Looks like the FAA is grounding all aircraft below 3,000 feet at the request
of the (state) national guard to conduct SAR with helicopters. Complaining
about FEMA looks like its just shooting the messenger in this case. And the
state (i.e. local) National Guard is just executing on their own emergency
plans and they don't have the ability right now to coordinate air traffic
control with anything other than their own helicopters in the air, so everyone
else is grounded with no exceptions. That's actually pretty reasonable triage
of resources in an emergency. The UAVs might be useful, but they're outside of
the scope of the emergency plans right now.

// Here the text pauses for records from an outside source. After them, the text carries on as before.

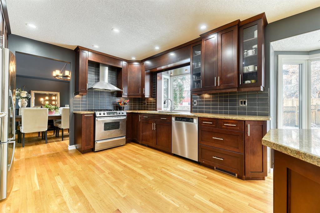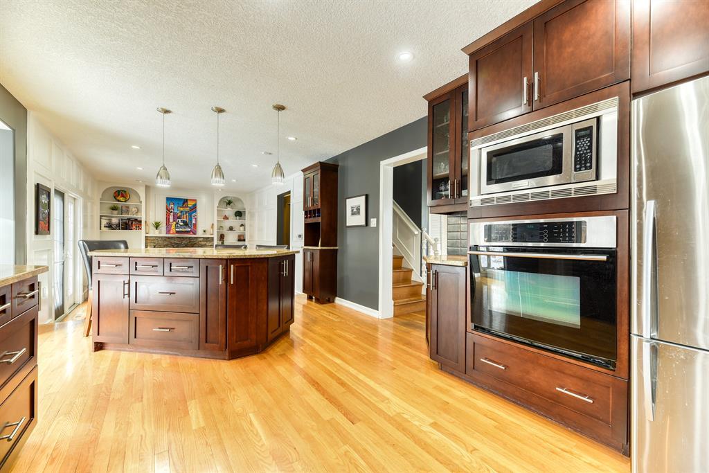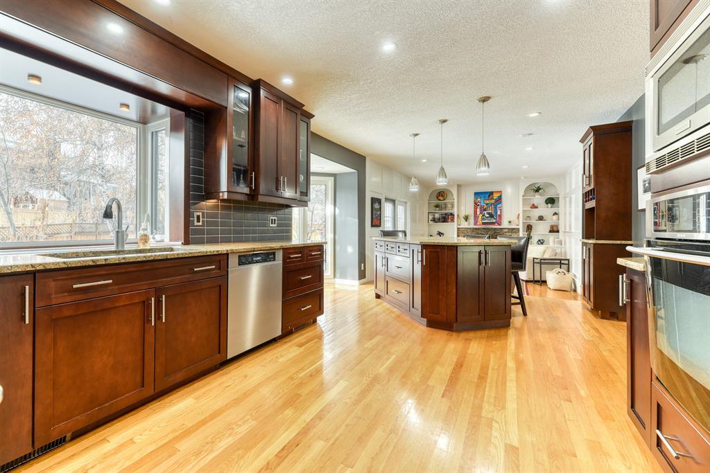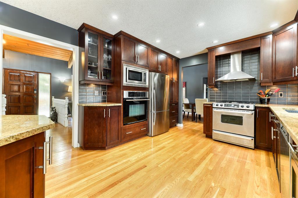 WOW! One-of-a-kind house, one-of-a-kind location, one-of-a-kind lot! Across from Oakside Park/Playground, steps from South Glenmore Park, Oakside Place Playground, and Poohe Park, in the sought-after community of Oakridge, SW Calgary! This is a sprawling 0.21 acre corner lot (9,117 SQ FT), with extraordinary outdoor living space, garden beds, and mature trees! This spectacular home boasts nearly 3,400 square feet of fully developed living space with 5 spacious bedrooms (including a main floor bedroom!), 2.5 bathrooms, extravagant renovated Chef’s kitchen, family room with soaring vaulted ceilings, living room with wood burning fireplace and patio doors that lead out to your private backyard oasis, large formal dining room, main floor laundry room with built-in cabinetry, upper floor den/office with a built in workstation, a recreation/media room, an abundance of storage, and a drywalled/insulated double attached garage! Upgrades/updates here include: newer asphalt shingles, upgraded attic insulation, renovated balcony off the primary bedroom, stainless steel kitchen appliances, granite countertops, hardwood floors (on main and upper levels!), central vacuum system, Kinetico water softener system, some newer vinyl windows, newer garage door, and some newer lighting and paint. This house has 2 furnaces and 2 hot water tanks. Close to all amenities and major roadways! Don’t miss out on this rare opportunity! Call now! (id:22211)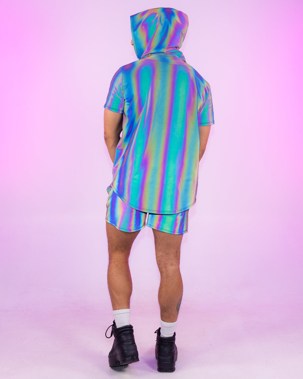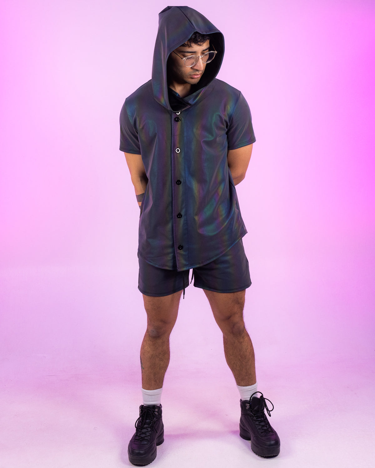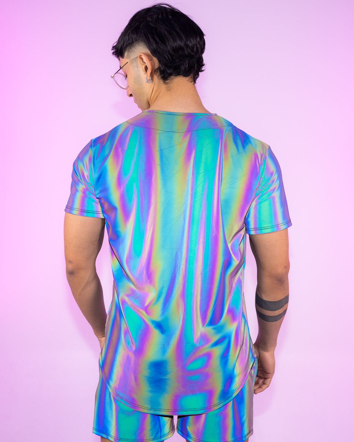 Stand out and take risks with our Rainbow Flash Reflective Jersey. Made with flash reflective material, this button-up jersey design will light up in the night at any rave, concert, or music festival. Be bold and adventurous with a jersey that will make you shine.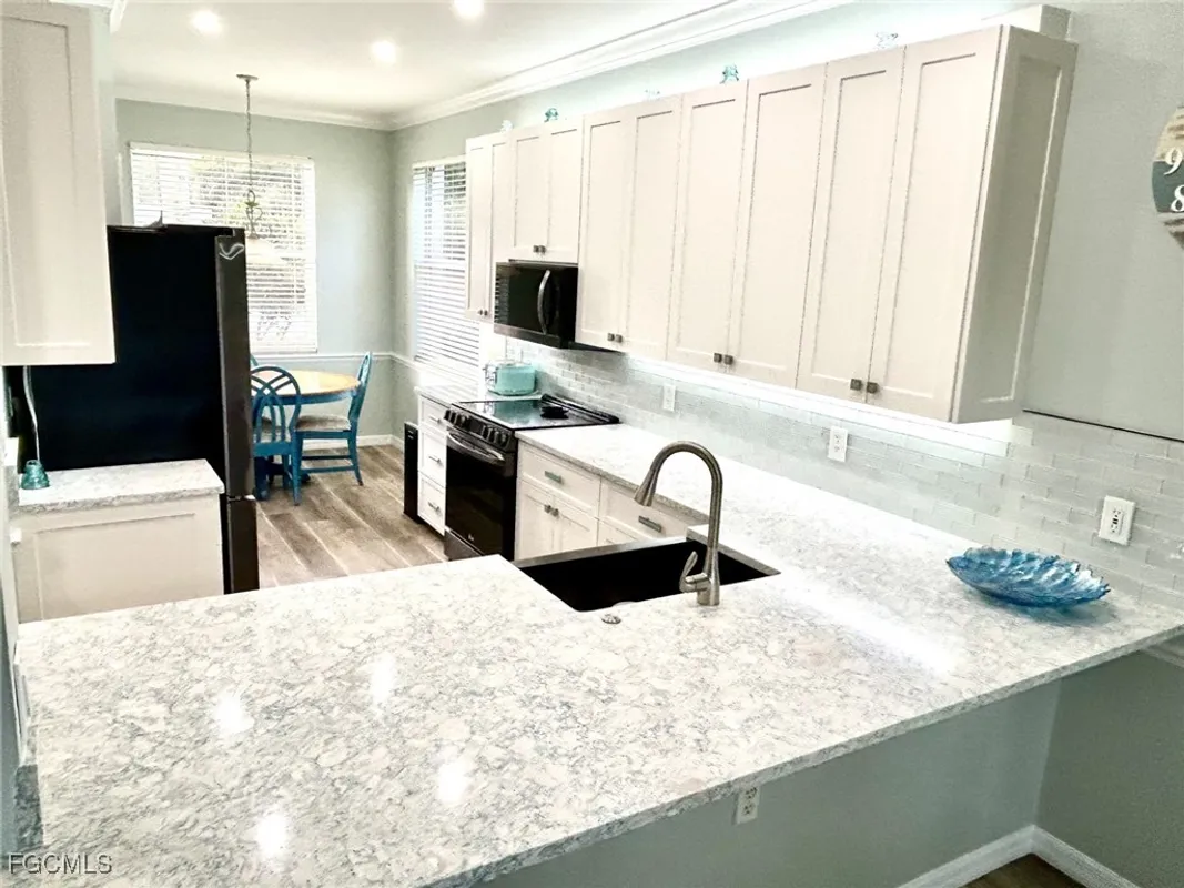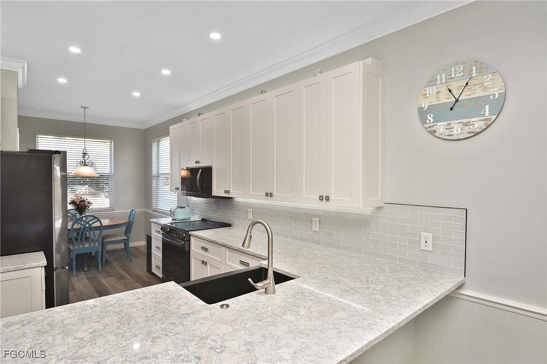 Discover a rare gem in the prestigious community of Heritage Palms – a first-floor colonnade. This stunning, two-bedroom/2 bath (plus large den) has $80,000 in high-end renovations (completed in December 2024). Every detail in the 1408 SF condo has been thoughtfully curated, showcasing a seamless flow of coastal hues that create a soothing, inviting atmosphere throughout. You’ll be captivated by the bright and spacious interior, freshly painted in today’s color trends. The NEW contemporary kitchen features an expansive, one-level quartz countertop, artisanal backsplash, a cozy breakfast nook, recessed lighting, all-new stainless steel appliances (2023), a large farmhouse sink, and cabinetry with above and below soft lighting that completes the modern look. The open-concept design is ideal for quiet evenings at home or entertaining friends and family. This spacious layout, in a private, quiet setting, overlooks Hole 16 of the Royal Course. The nearest pool and cabana are visible from the kitchen window, offering ultimate convenience. Light, neutral luxury vinyl plank flooring flows through the entire home. The primary suite has private lanai access, two walk-in closets, and a remarkably updated en suite. A quartz countertop, double-bowl sinks, a tall vanity with extra storage, floor-to-ceiling luxury tile in rich blues, taupe and white tones, and a seamless glass shower door are some of the exquisite details in the primary bathroom. The shower entry is level for enhanced mobility and safety. The den features pocket doors and a queen Murphy bed, providing flexible space for guests or a private retreat for you. Additional enhancements include all-new light fixtures, upgraded tile at the front entrance and lanai, and an ocean-wave luminaire over the dining area for unobstructed views. The updates to this home are complete with a new water heater (2023) and washer and dryer (2025). Lexan hurricane window protectors (located in the oversized storage unit) can be quickly placed for added peace of mind. This bundled-golf community offers 36 holes of championship golf, tennis and pickleball courts, a resort-style pool and Oasis/Tiki Bar (February 2026), a state-of-the-art fitness center, and casual/forming dining. It is an ideal winter retreat or full-time residence for those seeking an active Florida lifestyle. Don't miss this exceptionally upgraded colonnade!

Best thing that Falcon could be
doing would not be throwing FEMA under the bus, but lining up sales with the
National Guard so that the next time this happens the Guard will have their
own UAVs in the air under their own command and control structure (and
civilians will again all be grounded, no matter how helpful they might want to
be).

------
Lagged2Death
This story doesn't do a good job of explaining exactly how the drones are
helping anyone in particular do anything in particular.

"So yeah, it seems like that would be kind of handy to have..." Well, yes, it
does seem that way. Is it? Has it been?

It may be the case that gathering information is easier than putting that
information to use, particularly if the organization that receives the
information isn't designed, trained, or otherwise set up to act on (from the
organization's point of view) random inputs like this.

It may also be the case that having lots of pictures of a raging river is
actually a lot less useful than you'd at first suppose. You may be able to see
that flooding has inundated a neighborhood, but it may be a lot harder to tell
if the residents are safe or if they're in trouble, how many are in trouble,
and what you could possibly do for them.

I think FEMA's threat that certain volunteer efforts would be met with
_arrest_ is unnecessary, mean-spirited, and tone-deaf. And according to the
story, it didn't work, anyway.

But the vibe I'm seeing here - "OF COURSE the drones would be helpful" \-
seems to be more or less faith-based.

I'd guess a drone that would be _super_ useful would be one that hauled a
temporary cell site over a dead zone. People in trouble could just call for
help directly. That would skip over quite a bit of slow photo interpretation,
sticky judgement calls (where do we fly the surveillance drone next?) and
other guesswork. That would create a network of human brains to tackle the
problem together, using tools and techniques that are familiar to everyone.

------
soupboy
FEMA probably has a set of protocols and procedures around this and it is
unreasonable to expect them to change their entire workflow to accommodate a
couple of drones. Especially in a time of emergency, the best thing to do
would be to not do random things and actually follow a set of rules so that
you don't miss anything.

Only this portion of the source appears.